Fig. 1: — The description of WavBERT model (a), the adversarial attack approach (b), and the adversarial training approach (c).

3. PROPOSED ADVERSARIAL LEARNING

We present two adversarial learning approaches to exploit the impact of speech pauses on dementia detection.

Adversarial attack.

An adversarial attack adds perturbation to the punctuation marks. Note that, other adversarial attacks on BERT considered the entire vocabulary as the attack space [18, 19]. In our case, the attack space only includes punctuation marks, and the perturbation actions are adding, deleting, and replacing. As shown in Figure 1(b), we adopt the same training phase of the original WavBERT. To launch the attack, we choose an original testing sample s₀, and generate a set of adversarial samples by using a single action of adding, deleting, or replacing. For adding, we add one punctuation mark between two neighboring words where no punctuation mark exists; for deleting, we delete an existing punctuation mark; and for replacing, we replace an existing punctuation mark with a different punctuation mark, e.g., replacing “comma” with “period.” We define a confidence level as $l_{A D} = o_{A D} (s)$ for an AD sample $s$ , and $l_{n o n - A D} = o_{n o n - A D} (s)$ for a non-AD sample $s$ , where $o_{A D} (s)$ and $o_{n o n - A D} (s)$ are the logit output by the model for AD and non-AD labels. Among the samples generated from $s_{0}$ , we identify a sample $s_{1}$ as the most effective sample if the confidence level of $s_{1}$ is the lowest. We call $s_{1}$ as the step-1 sample, and then iteratively launch the attack on $s_{1}$ to obtain the step-2 sample $s_{2}$ . The attack will be launched for a maximum of 20 steps unless the confidence level cannot be lowered. The details are shown in Algorithm 1.

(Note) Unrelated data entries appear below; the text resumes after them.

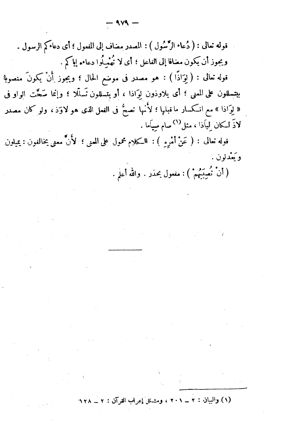 قَوْلُهُ تَعَالَى: (دُعَاءَ الرَّسُولِ) : الْمَصْدَرُ مُضَافٌ إِلَى الْمَفْعُولِ؛ أَيْ دُعَاءَكُمُ الرَّسُولَ. وَيَجُوزُ أَنْ يَكُونَ مُضَافًا إِلَى الْفَاعِلِ؛ أَيْ لَا تُهْمِلُوا دُعَاءَهُ إِيَّاكُمْ.
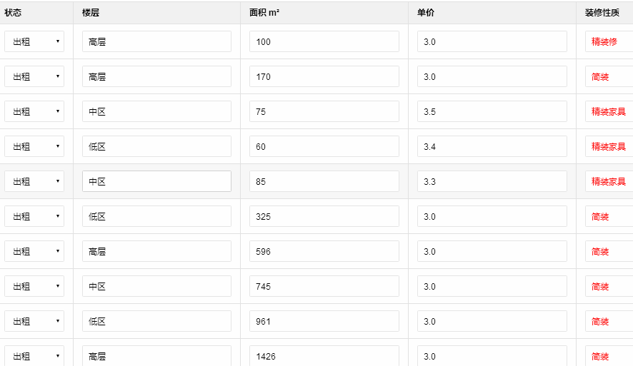 租金范圍:2.5-3.0
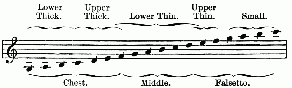 The second caution relates to the preservation, not of the boy's voice, but of the man's. There is no doubt that it is undesirable for a boy to continue to sing after his voice has shown signs of "breaking." What are the first signs of this change? Choirmasters notice that the middle register becomes weak, without any diminution in the power and quality of the upper notes, but that at the same time the thick register grows stronger, and the boy can strike middle C with firmness. "The striking of middle C," says Mr. G. Bernard Gilbert, "is usually sufficient to decide the point." The tradition of teachers is in favour of rest at this time, and a well-founded public impression counts for a good deal. The fact is that during the time of change not only do the vocal cords lengthen, but they are congested. An inflammatory action, like that which takes place during a cold, is set up. Hence rest is desirable. Nature herself also counsels rest because she reduces the musical value of the voice at this time to a low ebb. It becomes husky and of uncertain intonation. No doubt cases can be quoted of boys who have sung on uninterruptedly and developed into good tenors or basses, but there are cases equally strong in which the man's voice has completely failed after such a course. Sir Morell Mackenzie is the only medical writer who has advocated singing during change of voice, but not even his authority can upset the weight of evidence on the other side.
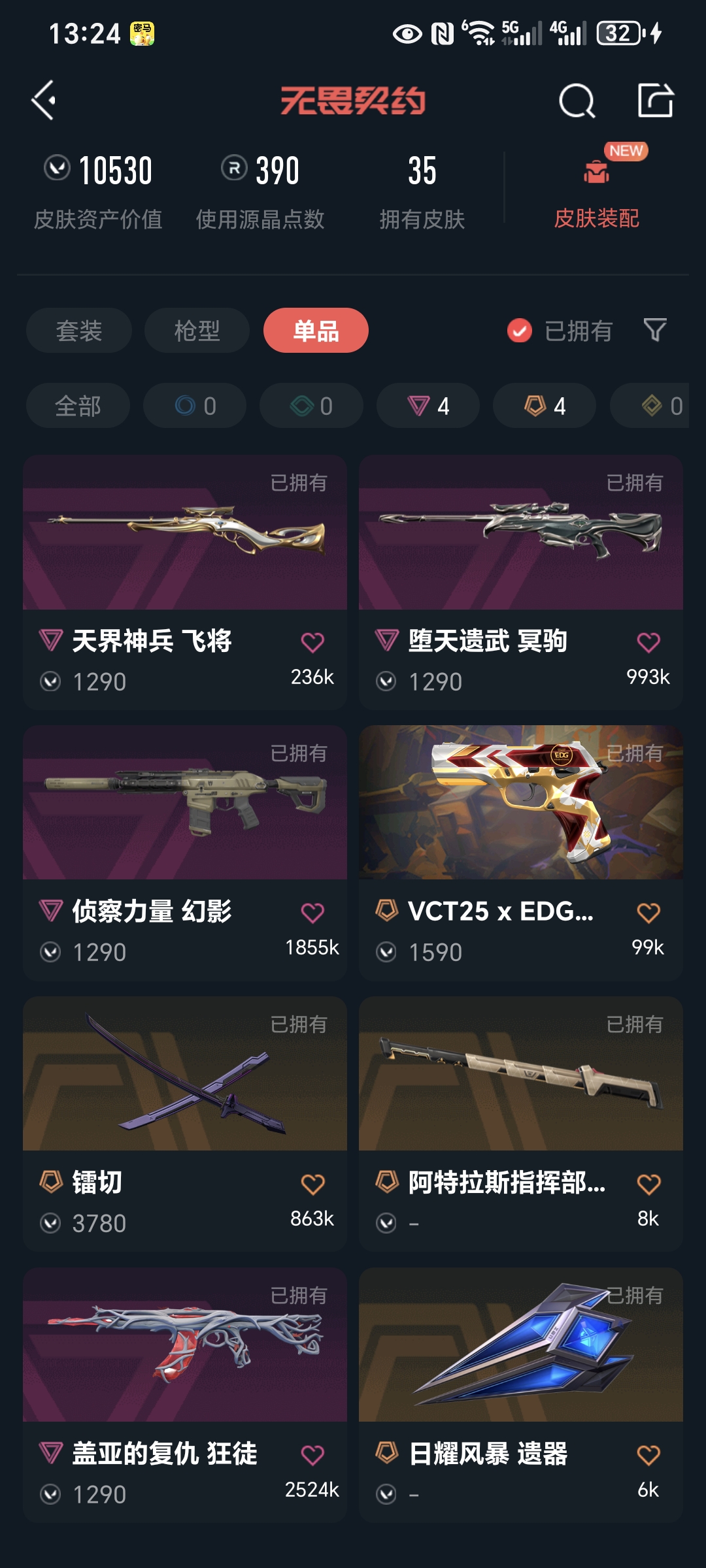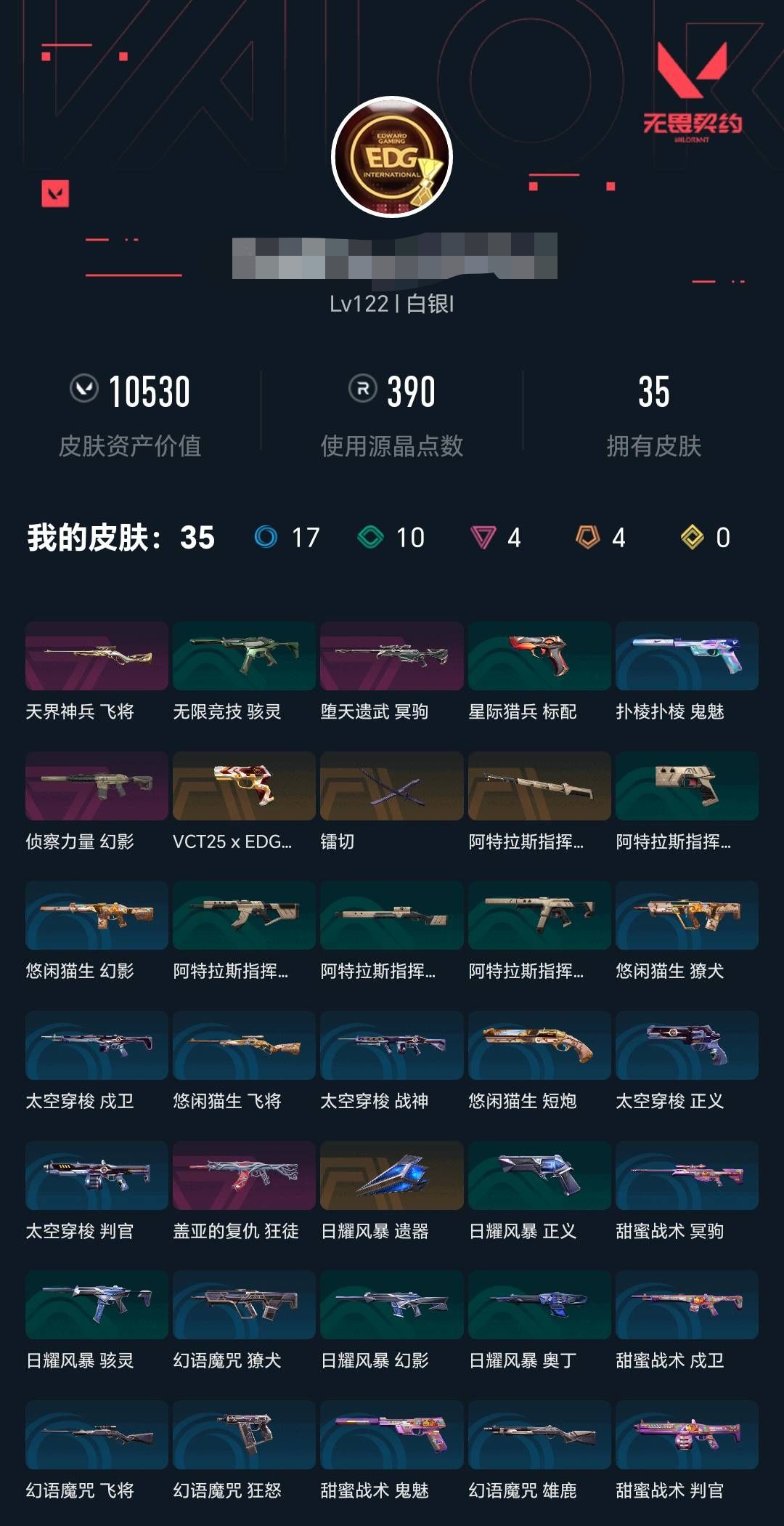 【游戏等级】lv122 【段位】 白银i 【r点】390 【皮肤总价值】10530 【英雄数量】21 【皮肤数量】35 【挂饰数量】45 【卡面数量】61 【喷漆数量】50 【飞将】飞将-天界神兵 飞将-悠闲猫生 飞将-幻语魔咒 【骇灵】骇灵-无限竞技 骇灵-阿特拉斯指挥部 骇灵-日耀风暴 【冥驹】冥驹-堕天遗武 冥驹-甜蜜战术 【标配】标配-星际猎兵 标配-vct25xe
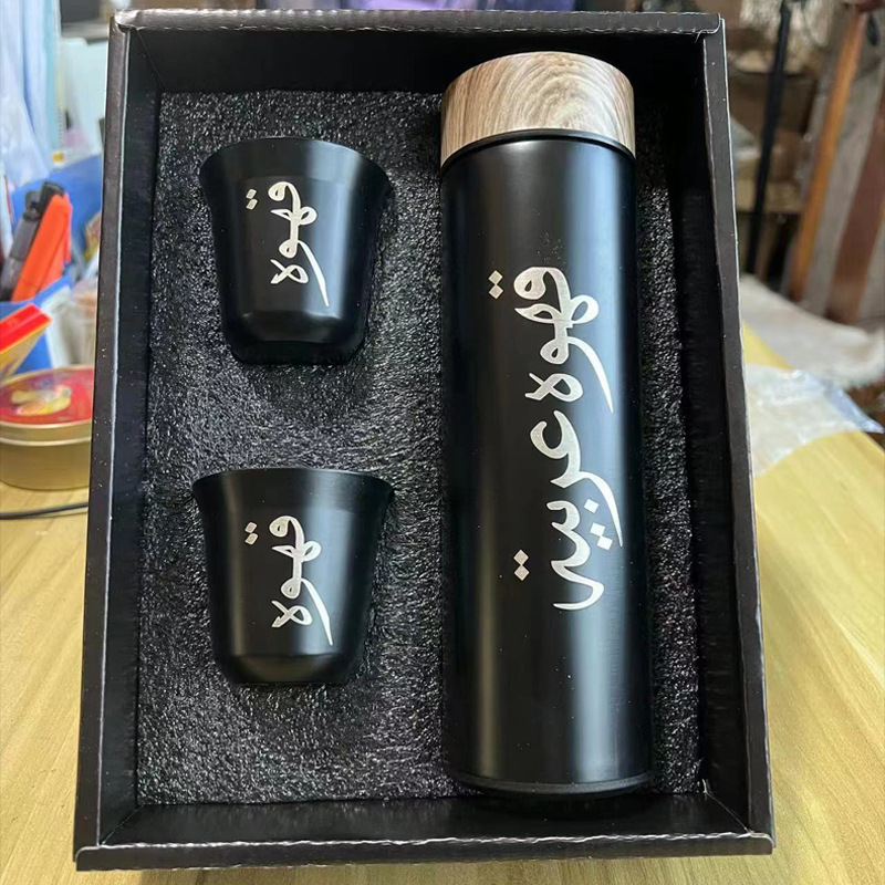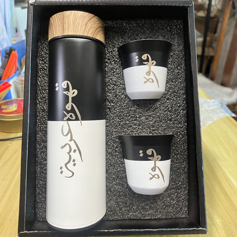 中东阿拉伯文跨境木纹盖不锈钢保温杯套装车载随行杯汽车杯可批发
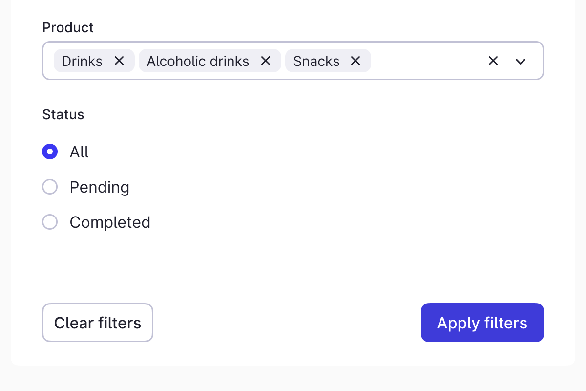 - Form controls: Do not use buttons to replace form fields, such as Select, Number Input, etc.
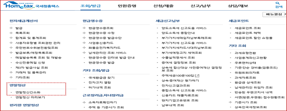 홈택스(www.hometax.go.kr)에 접속하여 홈택스 메뉴 중 [조회/발급] → [연말정산 간소화]를 클릭!
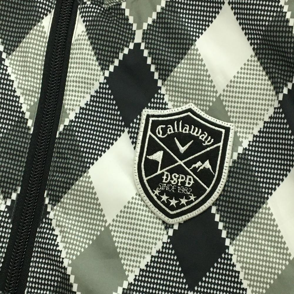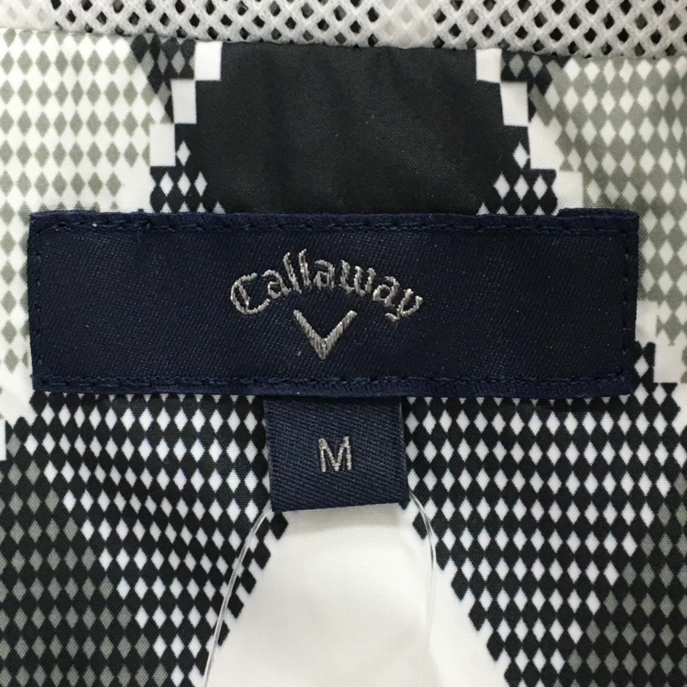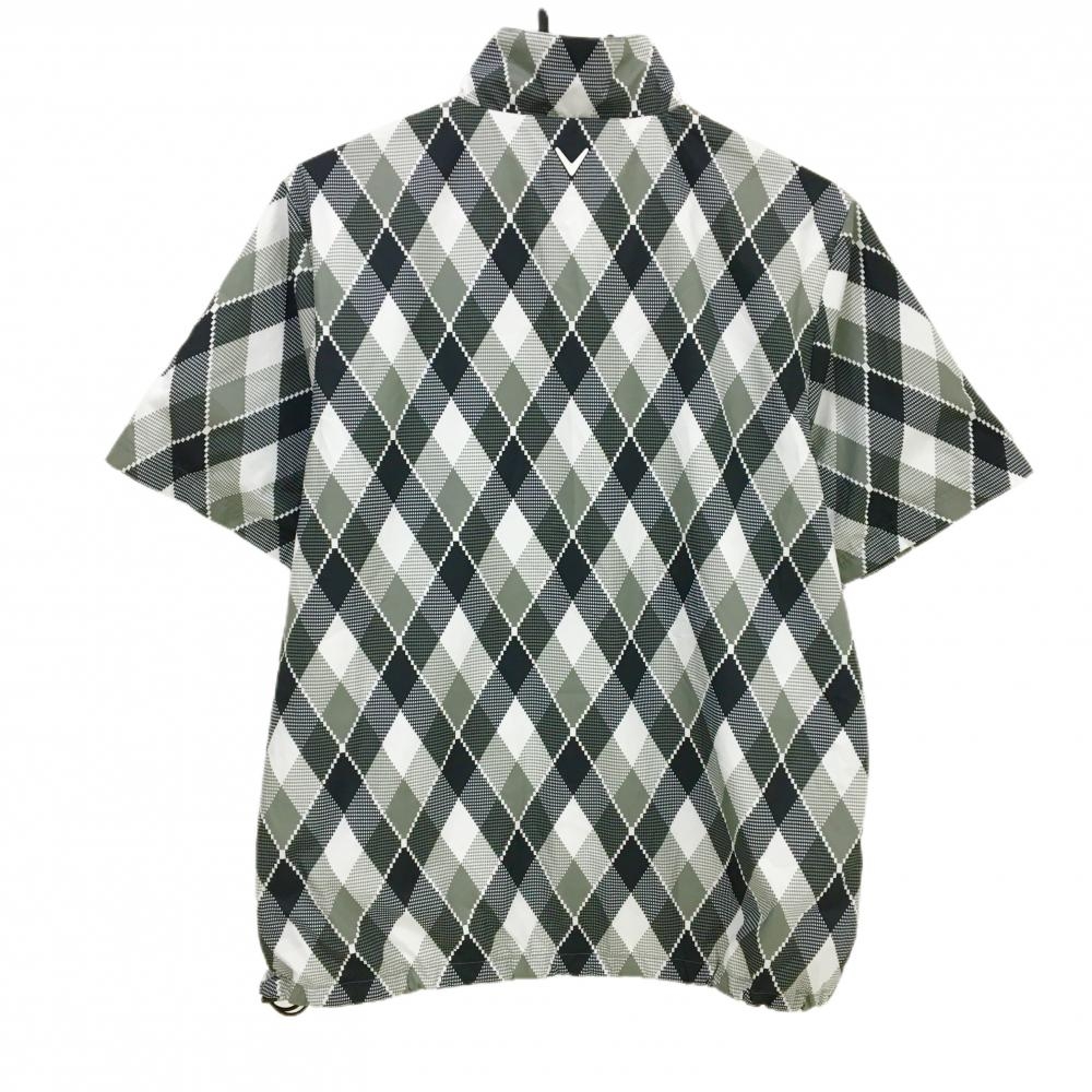 【超美品】キャロウェイ 半袖ブルゾン 白×グレー ダイヤ総柄 ハーフジップ 裏地メッシュ メンズ M ゴルフウェア Callaway
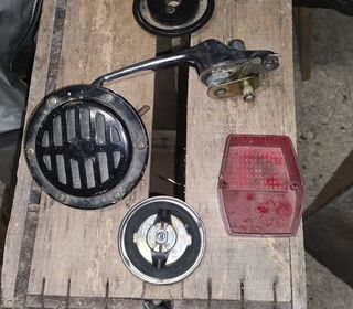 Bonjour à vendre ce lot d'accessoires anciens automobile comprenant 1 bouchon de réservoir 1 klaxon 1 feu arrière 1 poignée de porte 1 centre de volant Pas d'envoi Remise e
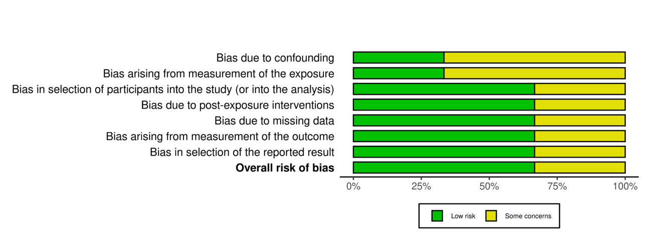 Among the included studies, 66.66% reported a low risk of confounding bias (2 of 3), 66.66% reported a low risk of selection bias (2 of 3),
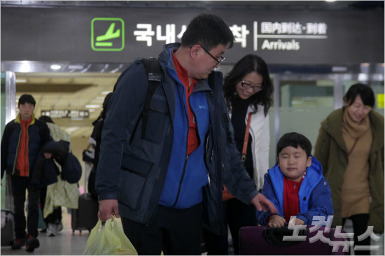 32년 만에 폭설로 폐쇄된 제주국제공항의 항공기 운항이 재개된 25일 오후 제주도에 고립됐던 여행객들이 서울 김포공항에 도착하고 있다. (사진=박종민기자)
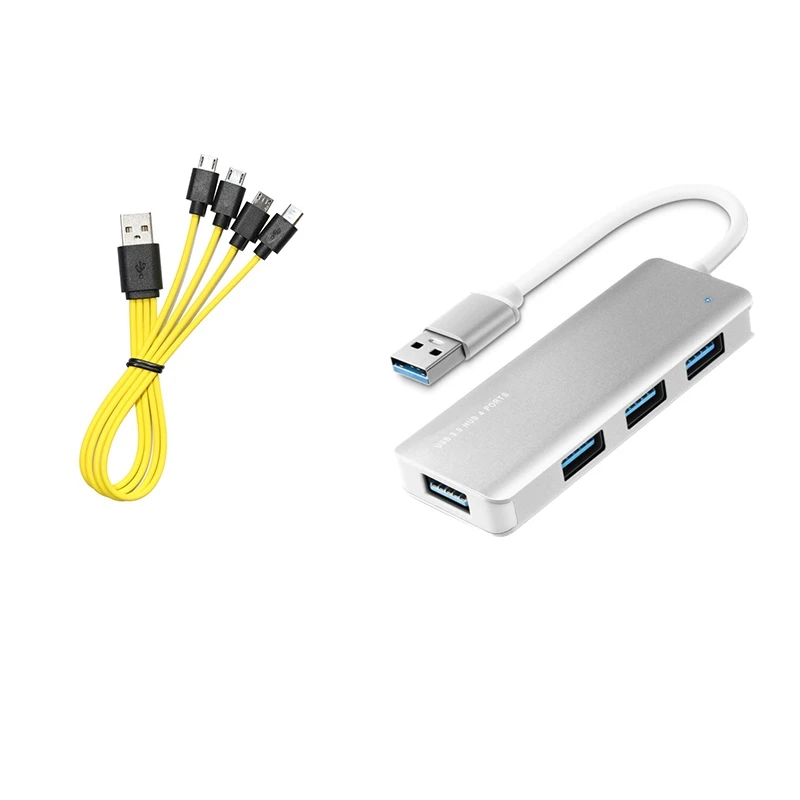 1 шт 4 порта USB сплиттер и 2 шт 4 в 1 Micro-USB кабель для зарядкиДля зарядного кабеля Micro-USB Znter AA AAA 18650

Algorithm 1 Adversarial attack s_i → s_i+i

\begin{matrix} Input : A step - i smaple s_{i} and a model M \\ Output : A step - (i + 1) sample s_{i + 1} \\ 1 : s_{i + 1} = NULL, confidence level l_{i} = M (s_{i}) \\ 2 : Generate a set of adversarial samples from s_{i} using one \\ perturbation action: C_{i + 1} = {s_{i + 1, 1}, s_{i + 1, 2}, \dots, s_{i + 1, n}} . \\ 3 : for each sample s_{i + 1, j} in C_{i + 1} do \\ 4 : l_{i + 1, j} = M (s_{i + 1, j}) . \\ 5 : if l_{i + 1, j} < l_{i} then \\ 6 : l_{i} = l_{i + 1, j}, s_{i + 1} ≔ s_{i + 1, j} \\ 7 : Return s_{i + 1} \end{matrix}

Open in a new tab

Adversarial training.

In another adversarial learning approach, we generate adversarial samples and apply adversarial training to the WavBERT, as shown in Figure 1(c). Specifically, we add perturbations to the original training samples of WavBERT. The perturbation actions are the same as the previous adversarial attack approach. In each attack step on a sample, we choose the adversarial sample that has the lowest confidence level. The attack is iteratively launched for a maximum of 20 steps unless the confidence level cannot be lowered. Finally, the original training samples and perturbed samples are used to train the WavBERT. The updated model is expected to be less effective because adversarial samples produce a negative impact in the training phase. We further propose a reversed adversarial training approach. We generate an adversarial sample from an original sample that has the highest confidence level. In this way, we envision that the reversed adversarial training makes the model more effective.

Interpretability.

We study the interpretability of speech pauses from the following three perspectives.

Model accuracy.

In the adversarial attack approach, we can evaluate how much the perturbation affects the model accuracy. In the adversarial training approach, the changes of model accuracy reveal how well the model understands the speech pauses in the original samples.

Pause context.

In each step of the adversarial attack, we choose the perturbation that causes the most negative impact on the confidence level. We can analyze the statistics of the neighboring words of all the chosen punctuation marks, and identify the dementia-sensitive pauses based on the context.

Pause length.

We divide the perturbation actions into two groups. Group 1 involves adding and replacing a short pause with a long pause, and Group 2 involves deleting and replacing a long pause with a short pause. Group 1 shifts the result towards AD, and Group 2 shifts the result towards non-AD.

4. EVALUATION

In this section, we present the implementation details and report our evaluation results on speech pauses.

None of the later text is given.